İhracatta 500 milyar dolar ve üzerini hedefliyorsak bunun farklı bir kurgusu olmalı. Navlunlar düşsün ihracatımız artsın veya kur yükselsin rekabet avantajımız gelsin yaklaşımının ötesinde farklı yaklaşımlar geliştirilmeli. Ve bu yeni kurguyu geliştirirken de en büyük paydaşlarının tedarik zinciri yönetimi ve lojistikçilerin de olduğu unutulmamalı.

Dış ticareti ve ihracatı kurgularken bir Güney Kore veya Çin neden olmayalım hedefi gözetilmeli. Mevcut lojistik depolar hantallaştı ve kapasite de yetersiz. Bu depoların nasıl bir teknolojik altyapı ile donatılması gerekiyor bu konuya odaklanılmalı. Ve o deponun doğru tedarik zinciri adımlarıyla haberleşecek şekilde kurgulanması ve doğru taşıma modlarıyla entegre olması da çok önemli. Bu entegrasyon olmadan lojistik sektörü bu sıçramayı yapamıyor. İhracat sektörü de bu durumdan etkileniyor.

Lojistik sektörünü 180 derece bir eksenle inceleyeceğiz

Lojistik Zirvesi öncesinde sektöre mesajınız nedir Utikad olarak?

23 Ekim’de İstanbul’da gerçekleşecek Lojistik zirvesinde lojistik sektörünü 180 derece bir eksenle incelemek istiyoruz.Türkiye bazı iş kollarında büyümeyi hedefliyor. Bunların kimisi tercihe bağlı konular.Ama lojistikte büyümesi tercihe bağlı bir konu değil, adeta bu bir zorunluluktur. Gerek Türkiye’nin konumu gerekse bu konum etrafında oluşan jeopolitik gelişmeler Türkiye’yi zorunlu olarak belirli noktalara taşıyor ve itiyor.
Dolayısıyla biz de zirveye Türkiye nin yakın gelecek vizyonunu ve etki alanını bir manifesto olarak ortaya koyacağımız bir platform olarak bakıyoruz. Uluslararası katılımcılarla Türkiye perspektifiyle yakın gelecekte alacağımız rolü küresel ve bölgesel bazda ele alacağız.

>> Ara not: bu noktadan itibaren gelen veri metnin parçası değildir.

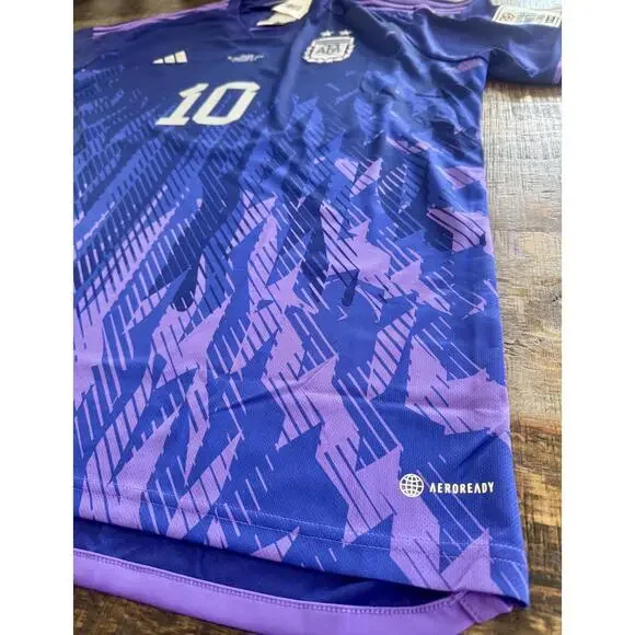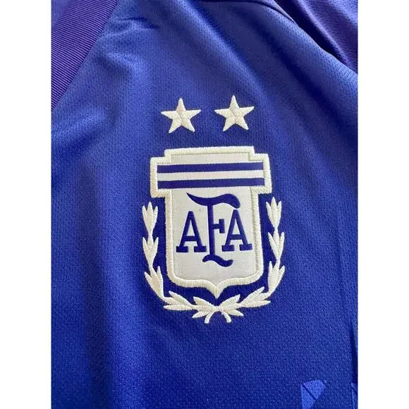 Relive one of the key moments of Argentina’s 2022 FIFA World Cup journey with this authentic Player Version jersey worn by Lionel Messi during the match against Poland.Messi #10 – Featuring official name and number from the Argentina vs Poland group stage match.Stadium Version – Comfortable fit.Qatar 2022 World Cup Patch – Includes tournament patch as worn during the game.Authentic AFA Details – Official Argentina Football Association badge and championship design.Condition: Brand New with Tags (BNWT)100% Authentic – Perfect for fans and collectors.This jersey commemorates Argentina’s journey toward World Cup glory – a great addition to any fan´s collection or gift for a Messi supporter.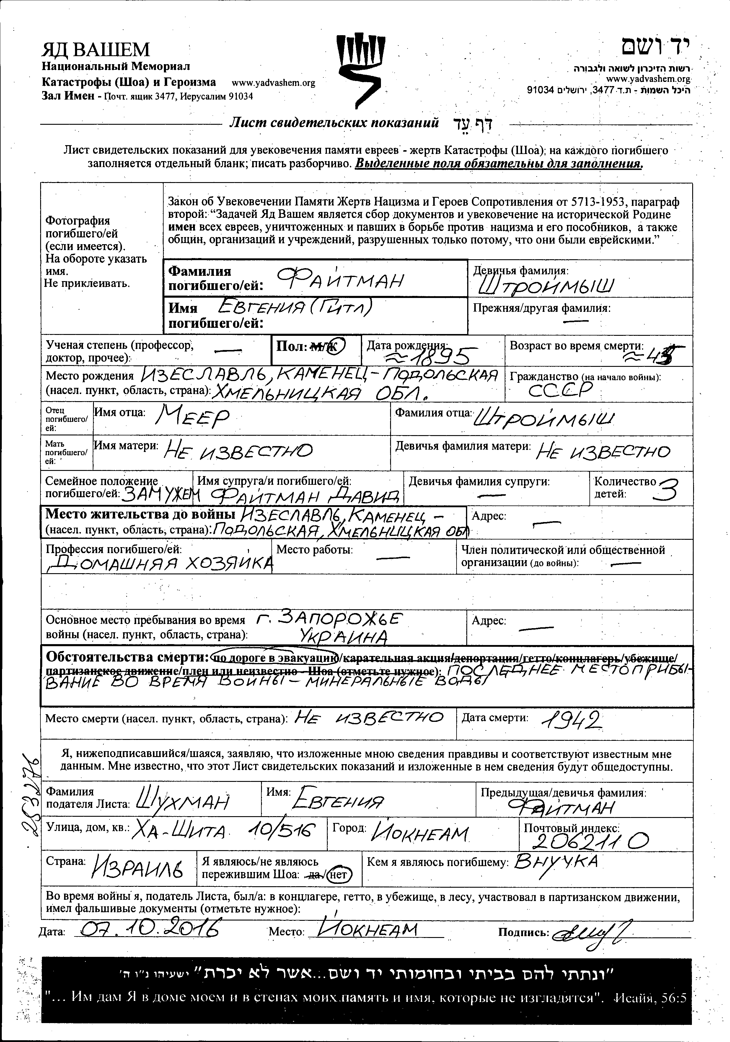 Файтман Евгения Гитл 1895 Изяславль, Украина (СССР) Лист свидетельских показаний
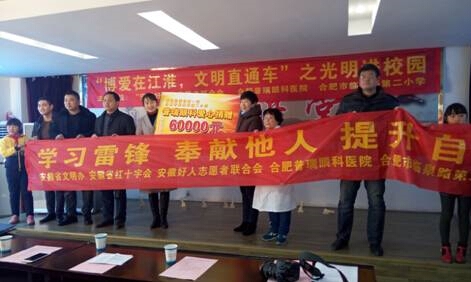 “我们第一站走进合肥市临二小是希望这里的孩子能够得到援助,让近视和患有眼疾的患者重拾光明,在学习上无后顾之忧。同时,也是在倡导奉献、友爱、互助、博爱精神,推广‘关爱社会、关爱自然、关爱他人’志愿服务理念。”“安徽好人”志愿者联合会会长王涛在活动现场表示。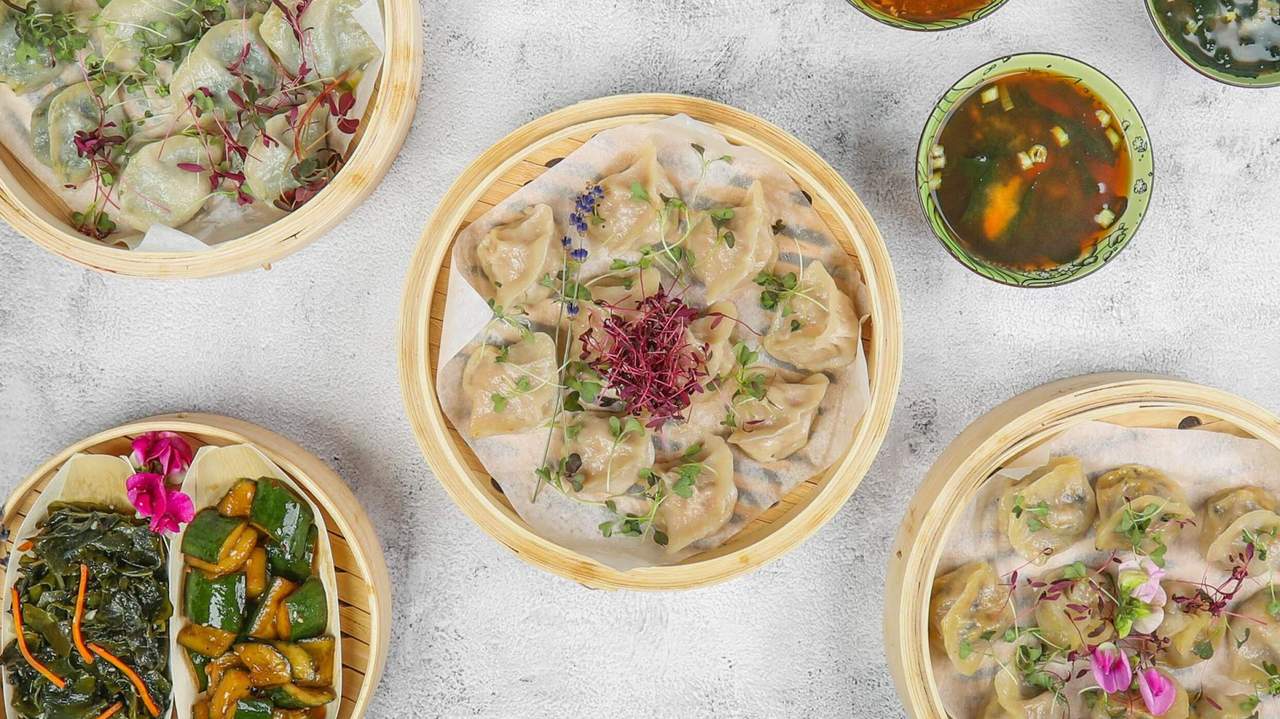 Chińskie pierogi na parze z farszem ze szpinaku i sera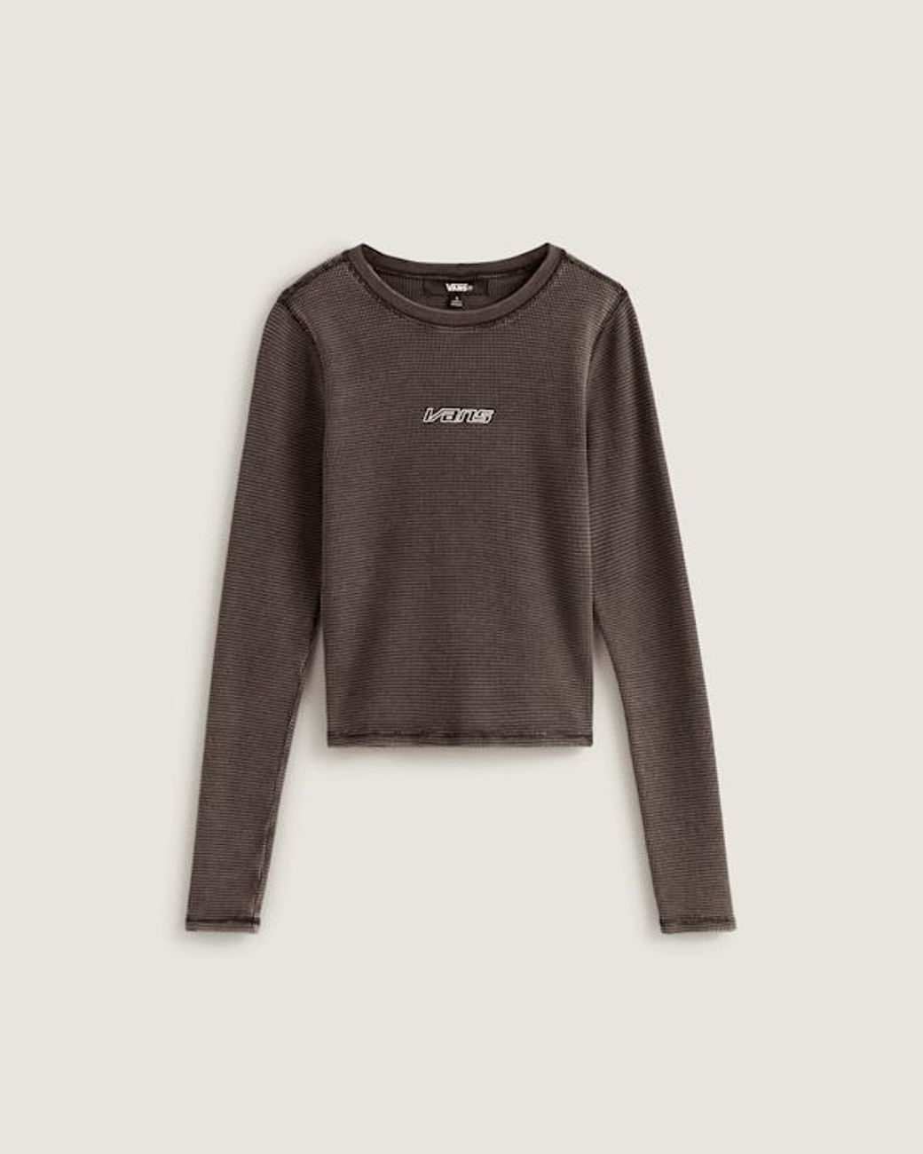 Deze korte Tee met lange mouwen voegt de relaxte Vans-stijl toe aan je dagelijkse looks. De gebreide thermische stof met mineralwash-afwerking zorgt voor een subtiele textuur, terwijl de slanke pasvorm en de korte lengte een modern silhouet creëren. Met een vleugje stretch en het klassieke Vans-logo is dit een veelzijdig item dat gemakkelijk te combineren is met een broek met een hoge taille, voor een moeiteloos coole look. Kleur: bruin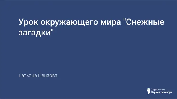 В работе представлен материал урока окружающего мира в 1 классе по теме «Снежные загадки», на котором учащиеся получают представление о сезонных изменениях в природе, знакомятся с различными видами снежинок и опытным путем устанавливают, чем может быть загрязнен снег.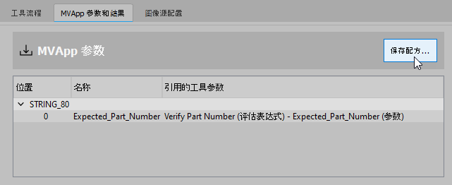 编辑配方文件与新建配方文件的过程非常相似。您可以在 MERLIC Creator 中与配方文件关联的 MERLIC Vision App (MVApp) 处执行更改,并根据需要调整 MVApp 参数: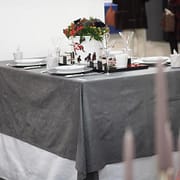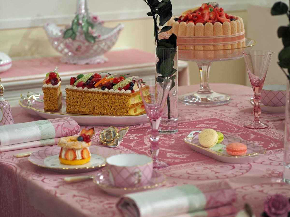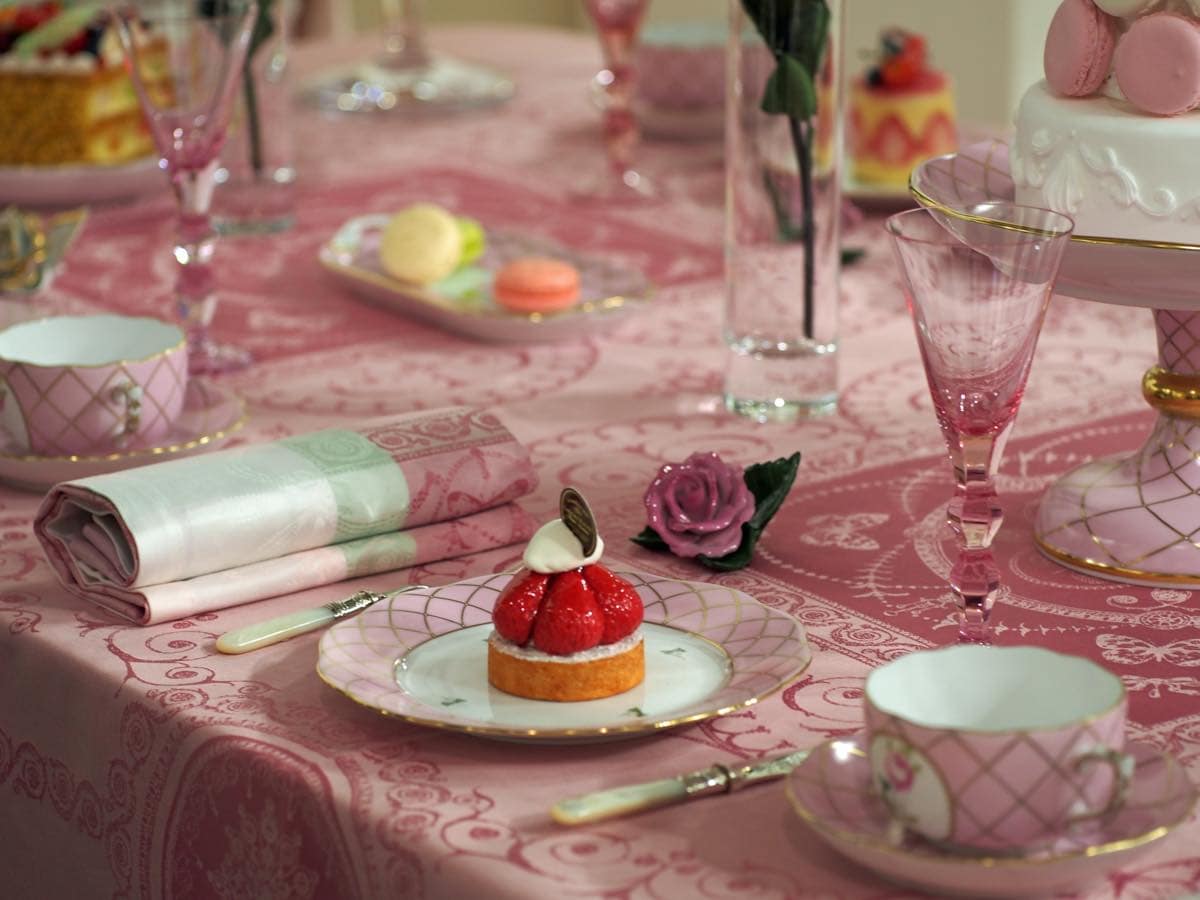 洋食器のヘレンドやエルキューイ・レイノーのブースでガルニエ・ティエボーのテーブルクロスが使用されました。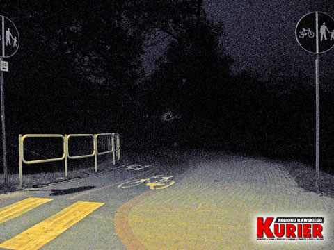 „Osiem rowerów” mnie zawiadomiło, pojechałem po 22 – ciemno jak w lesie, jak na polach Mazowsza o zmroku! Pierwszą zaświeconą latarnię mamy tam po ponad 800 metrach, na ostatniej prostej szlaku, na wysokości ulicy Kajki doświadczamy promyka jasności!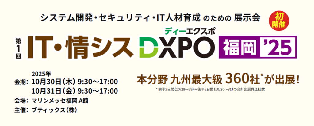 2025年9月9日イベント 「DX・ITフェア中部2025」に出展します2024年10月17日イベント 「Japan IT Week 秋」に出展いたします2024年6月11日セミナー 【6/22(土)セミナー】WordPressセキュリティ対策について WACA✗JWA合同セミナー にて登壇します2024年3月15日イベント 「第33回 Japan IT Week 春」に出展いたします2023年11月15日イベント 産業交流展2023に出展します2023年10月30日イベント 第24回コールセンター/CRM デモ&コンファレンス2023㏌東京に出展します2023年10月13日イベント 「第14回 Japan IT Week 秋」に出展いたします2023年8月18日イベント 【セミナー登壇のお知らせ】くまもとDXコンソーシアム主催 第2回DX実践セミナー ~DXで社内改革! データ活用の進め方~ 投稿ナビゲーション 1 2 … 5 次へ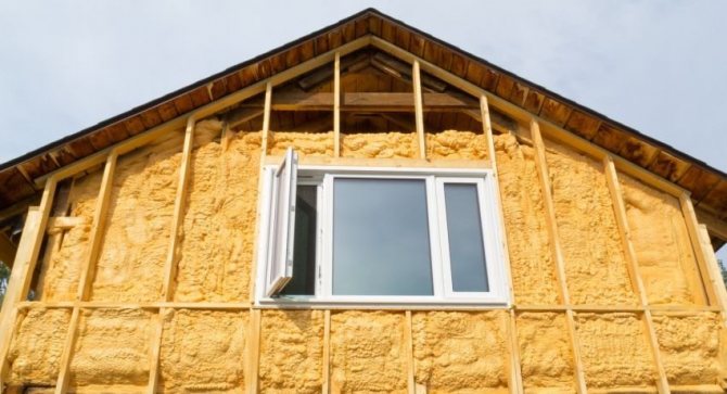 - poliuretán hab - két különálló alkotórészből álló anyag, amelyet nagy nyomás hatására kevernek össze. Levegővel érintkezve ugyanúgy viselkedik, mint a közönséges poliuretán hab - kitágul. A faház poliuretán habbal történő hőszigetelése meglehetősen hatékony és minimalizálja a hőveszteséget. Ezenkívül a PU hab képes visszataszítani a vizet;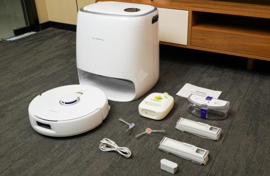 先从外观说起,能够正常的看到这次J4在包装上面做了不少优化,使得整体的体积减少不少,快递上门的时候,消费者搬起来也挺轻松。打开外包装箱后,除了机器人以及基站的主机部件外,还配备了边刷、基站电源线、除菌清洁剂、银离子除菌模块、一次性尘袋以及尘盒等配件。
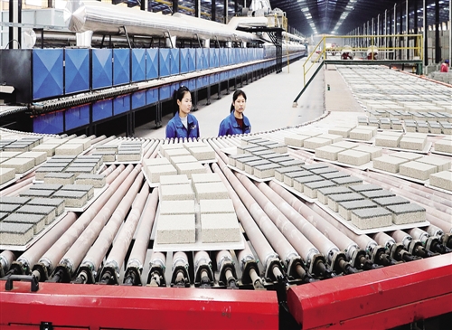 11月30日,在江西高安市建筑陶瓷产业基地,绿岛科技公司员工正在城市透水砖生产线上检查生产。该企业生产原料全部是陶瓷企业的陶瓷废砖,年处理废瓷砖20多万吨。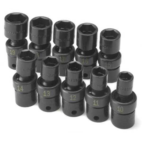 Impact Socket Set, Standard Socket Count/Style None, Deep Socket Count/Style None, Flex Socket Count/Style (10) 6-Point, Flex Socket Style/Size Flex 6-Point: 10 mm, 11 mm, 12 mm, 13 mm, 14 mm, 15 mm, 16 mm, 17 mm, 18 mm, 19 mm, Impact, Drive Size 3/8 in, Metric, 6-Point, Black Oxide

UTİKAD’ın lojistik söz konusu olduğunda bir think tank olarak konumlanması açısından da önemli bu etkinlik. Bu zirvede lojistikten satınalma yapanlar ve lojistik sektörünü müşteri olarak görenler de davetli. İhracatını belirli noktaya taşımak isteyen şirketler de üst düzey yöneticileriyle panellerde yer alacaklar.Türkiyenin yakın gelecek lojistik perspektifine bu açıdan da ciddi bir katkı yapacak zirve. Biletli katılımcı olarak zirveye Türkiye’nin lojistik etki alanında yer alan birçok ülke var. Kuzey Afrika ülkelerinden, Avrupa’dan ve Uzakdoğu’dan da birçok uluslararası katılımcı var. Rusya’dan da çok sayıda katılımcı geliyor. Ciddi emek ve hazırlığın ürünü olacak bu zirve.

Aslında bu zirvenin UTİKAD’dan bağımsız bir marka etkinliği olmasını hedefliyoruz. Ana sponsorumuz Turkish Cargo. Zaten bu vizyonda da beraber yola çıkmış durumdayız. Turkish Cargo’nun zirveye ciddi katkıları ve zirveyi zenginleştirecek görüşleri de oldu. Kısaca geniş bir paydaş kitlesiyle yola çıktık ve yürüyoruz.